Amazon Neptune is a graph database service provided by AWS that you can use to build a knowledge graph of relationships among business objects. When building a knowledge graph, what is a suitable model to govern the representation of those relationships? We would prefer not to build our graph on the fly, but rather have a model to guide us. In this post, we use Web Ontology Language (OWL) as the language for that model. We show, using the example of a modern organization, how to build and validate the organizational graph of a fictional company from an organizational model described in OWL. We take a top-down, model-driven approach: from the model, we validate instances and create a template for populating new instances.
OWL is a good fit to use in Neptune because it is part of the same semantic layer cake as Resource Description Framework (RDF) and SPARQL Protocol and RDF Query Language (SPARQL). The layer cake, shown in the following figure, is a well-known visualization of linked-data standards from the Worldwide Web Consortium (W3C). RDF (as a graph data representation) and SPARQL (as a query language) are first-class concepts in Neptune. OWL sits above RDF in the figure, indicating that we can use it with graph databases that support the RDF data model. Between OWL and RDF in the figure is RDF Schema (RDFS), a basic language to define classes and properties for our RDF graph. OWL, as an ontology language, can do what RDFS does and more.
An ontology is like a data model, but subtly different. The Unified Modeling Language (UML) when used for data modeling is a rigid listing of classes and properties (or attributes) that fall under each class. UML is often used to model schemas for a relational database; the model is rigid, but then so is the relational table it’s modeling. An ontology is not a listing but rather a set of logical constraints describing how the graph can be arranged. This allows us to define classes using arbitrarily complex logical expressions and infer new relationships that follow from what we already know, even if they haven’t been explicitly stated. OWL is designed to be used by automated reasoner tools to draw such inferences. Ontology is ideal for modeling graphs, because in a graph we need flexibility in how we define relationships and benefit from inferred relationships when traversing a path.

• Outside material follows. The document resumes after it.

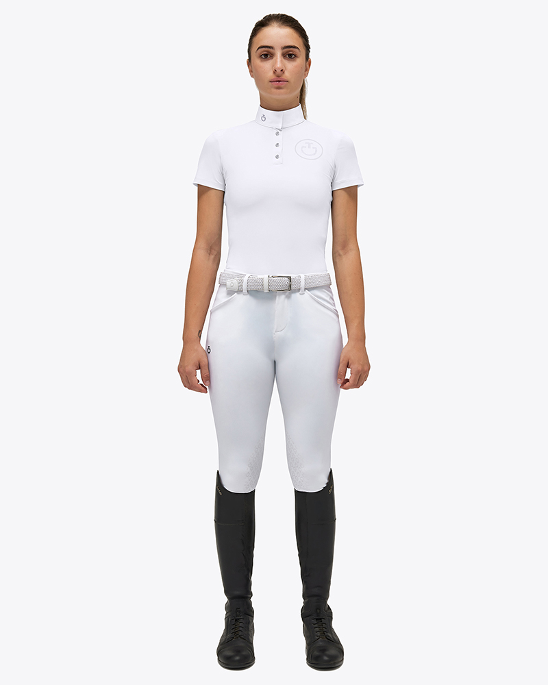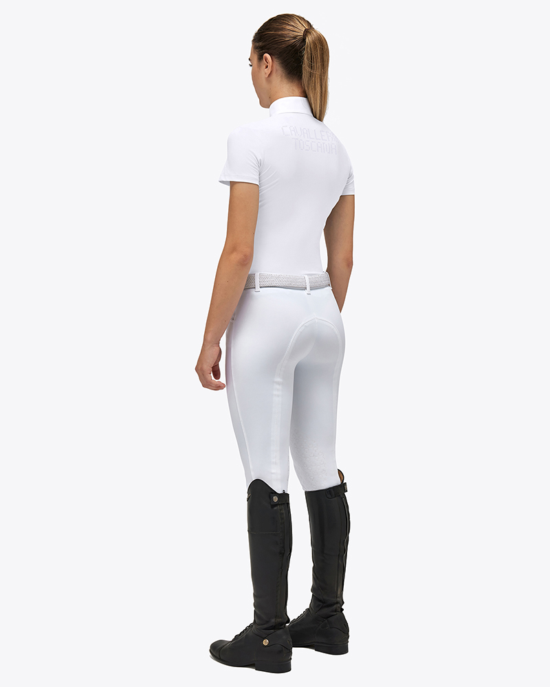Polo de competición blanco de manga corta para niña – Cavalleria Toscana

Our example ontology is the W3C organizational ontology. As the next figure  shows, an organization has sub-organizations and organizational units, participates in organizational collaborations, is located at sites, is subject to change events, and has members, posts, and roles. Members, additionally, report to other members. The ontology describes the generic structure of these relationships in the OWL language. Over the course of this post, we study snippets of that representation in depth.
First, we load into a Neptune database the organizational ontology as well as an example instance of it: the organizational graph of a fictional company, the Mega Group. OWL ontologies are represented in RDF, and therefore can be loaded as is. That is important because we introspect the ontology by querying it with SPARQL, deriving its classes and their likely properties in an opinionated fashion—opinionated because although OWL has broad logical expressive power, we draw the line and look for the most common patterns. After we derive this opinionated model, we programmatically compare the ontology with our Mega Group instances, logging any gaps. We also stamp out a template for creating new instances by generating a boilerplate RDF model that instantiates the classes and applies properties to the instances.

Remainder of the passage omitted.